Reproduce the whole listing word for word. Leave every image out.

Raw data
▬▬▬
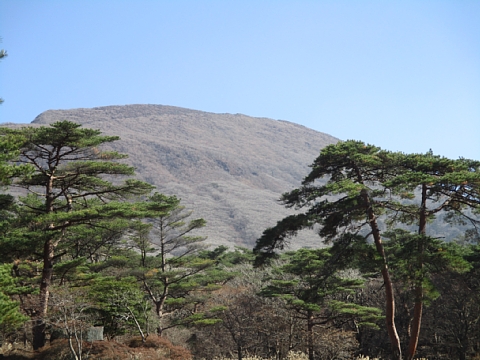 展望台 春にはミヤマキリシマの花木が咲き誇り山一帯がピンク色に染まるそうです。登山の支度なしでここまで来れます。 そして十分堪能できます。 |
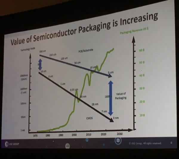 So, while some would tell you that the industry is facing crisis and dilemma with the slowing of Moore’s law; a 1600x gap between lithography and packaging feature sizes (Figure 1) and China tariffs that will impact supplies and leave big question marks on industry growth; from Wu’s perspective, these are merely hiccups that offer great opportunity for the microelectronics and packaging sector of the industry.
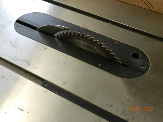 On the subject of table saws, and as an interesting aside: I have been involved in furniture design and construction for approximately 35 years, and the following is merely for the benefit of newcomers to woodworking. Several years ago I had a visit from a Dowelmax owner who wished to purchase the ¼ inch guides, and I noted he was wearing a glove on his left hand, and since it was mid summer at that time, I was somewhat mystified. He removed the glove and showed me two fingers which had been severed on his table saw, and subsequently reattached. The two digits were greyish in colour and looked far from normal. At that point in time, since I tend to be absent minded, I made up my mind to take the plunge and purchase the table saw with a solenoid stop mechanism. The unit I bought was way over engineered in my opinion, and weighed about 600 lbs. The unit cost close to $5,000. Even though this table saw was extremely expensive, the fence was an absolute disaster and required extensive modification. More recently I have become aware of two table saw accidents, both of which were caused by the same type of incident. On occasion when cutting long panels in the table saw, whether due to moisture content, internal wood stress or whatever, once the initial cut has been made, the wood tends to bow towards the centre until the two severed edges meet. This effect binds the wood, particularly at the far end of the blade, thereby causing the work piece to be driven backwards towards the operator. On both occasions mentioned, the table saw operator had their left hand extended over the blade towards the initial cut, and when the reverse surge took place, their arm or hand was pulled through the table saw blade. These were both serious injuries and could have been avoided in two ways (1), never place your hand over and beyond the rotating blade, or (2) ensure that you table saw includes a “riving” blade. Refer to photo 14
▬▬▬
Exercise output
 展望台 春にはミヤマキリシマの花木が咲き誇り山一帯がピンク色に染まるそうです。登山の支度なしでここまで来れます。 そして十分堪能できます。 |
 So, while some would tell you that the industry is facing crisis and dilemma with the slowing of Moore’s law; a 1600x gap between lithography and packaging feature sizes (Figure 1) and China tariffs that will impact supplies and leave big question marks on industry growth; from Wu’s perspective, these are merely hiccups that offer great opportunity for the microelectronics and packaging sector of the industry.
 On the subject of table saws, and as an interesting aside: I have been involved in furniture design and construction for approximately 35 years, and the following is merely for the benefit of newcomers to woodworking. Several years ago I had a visit from a Dowelmax owner who wished to purchase the ¼ inch guides, and I noted he was wearing a glove on his left hand, and since it was mid summer at that time, I was somewhat mystified. He removed the glove and showed me two fingers which had been severed on his table saw, and subsequently reattached. The two digits were greyish in colour and looked far from normal. At that point in time, since I tend to be absent minded, I made up my mind to take the plunge and purchase the table saw with a solenoid stop mechanism. The unit I bought was way over engineered in my opinion, and weighed about 600 lbs. The unit cost close to $5,000. Even though this table saw was extremely expensive, the fence was an absolute disaster and required extensive modification. More recently I have become aware of two table saw accidents, both of which were caused by the same type of incident. On occasion when cutting long panels in the table saw, whether due to moisture content, internal wood stress or whatever, once the initial cut has been made, the wood tends to bow towards the centre until the two severed edges meet. This effect binds the wood, particularly at the far end of the blade, thereby causing the work piece to be driven backwards towards the operator. On both occasions mentioned, the table saw operator had their left hand extended over the blade towards the initial cut, and when the reverse surge took place, their arm or hand was pulled through the table saw blade. These were both serious injuries and could have been avoided in two ways (1), never place your hand over and beyond the rotating blade, or (2) ensure that you table saw includes a “riving” blade. Refer to photo 14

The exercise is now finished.